Two Men Enter, One Man Leaves: More on Krugman vs. Murphy
Now it’s official: Krugman has definitively said we are in a recovery. (In his previous writing, he technically didn’t say we were, just that it seemed as if we were, and if we were it was because of Big Government.)
Now what’s ironic in all this is that even if unemployment is in double digits for 2010 through 2013–which it very well might be–Krugman would actually weasel out of the post I’ve linked to above. He would say, “Yes this is unfolding exactly as I predicted.
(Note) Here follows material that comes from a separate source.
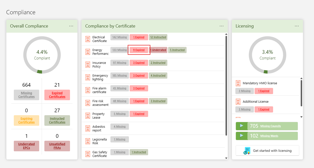 - The status of the certificate will automatically come up. Expired, Expiring or compliant.

Real GDP started rising again for a few quarters in the summer of 2009, and I said at the time that it would be a jobless recovery.”
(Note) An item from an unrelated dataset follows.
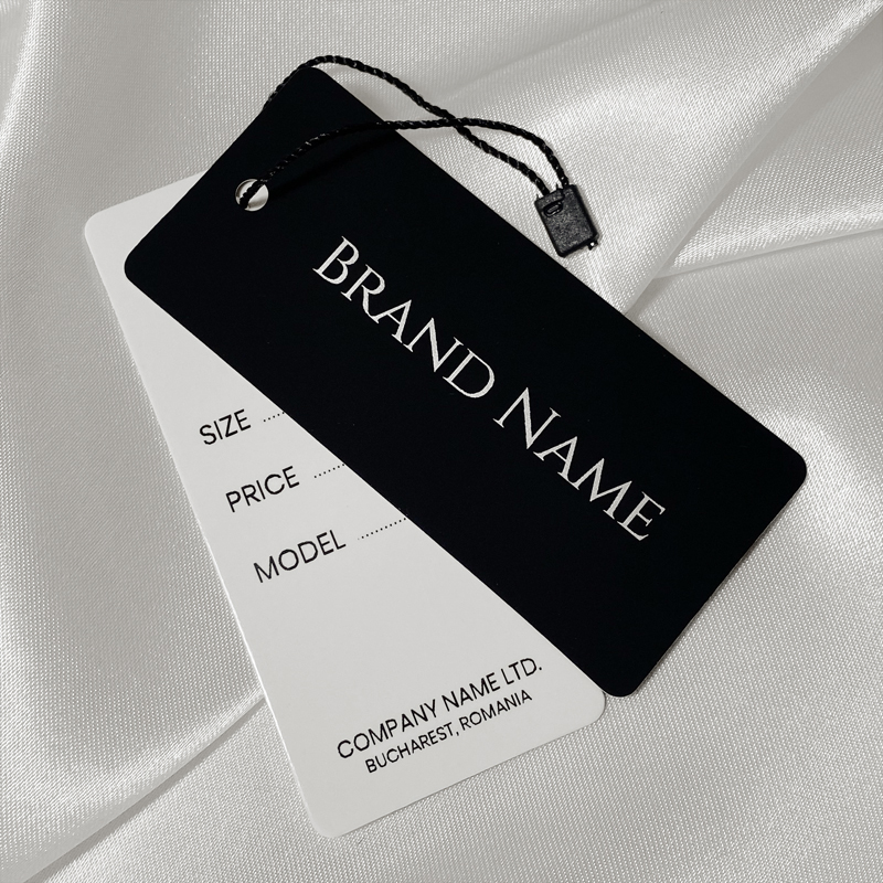 Sada pozostáva z 2 štítkov z čierneho a bieleho kartónu, z laminovaného kartónu so strieborným nápisom a plastovej pečiatky s čiernou šnúrkou v cene. Tento typ visačky je vyrobený z vysokokvalitných materiálov a využíva najmodernejšie technológie digitálnej tlače a povrchovej úpravy.

So just to be clear, when I say we are nowhere near coming out of this, I mean it in the same way as an economist speaking in 1932. Yes, the official recession dating of the NBER shows that there were two recessions in the 1930s–one from 1929-1933, and another from 1937-1938.
But c’mon, that’s ridiculous. We all know that “the Great Depression” lasted from 1929 until at least World War II. (And readers of Bob Higgs know that it actually lasted through World War II.)
When it comes to dating business cycles, I am a man of the people. If a tenth of the labor force can’t find work, the economy is broken. Don’t let those MIT economists like Krugman fool you with their fancy jargon.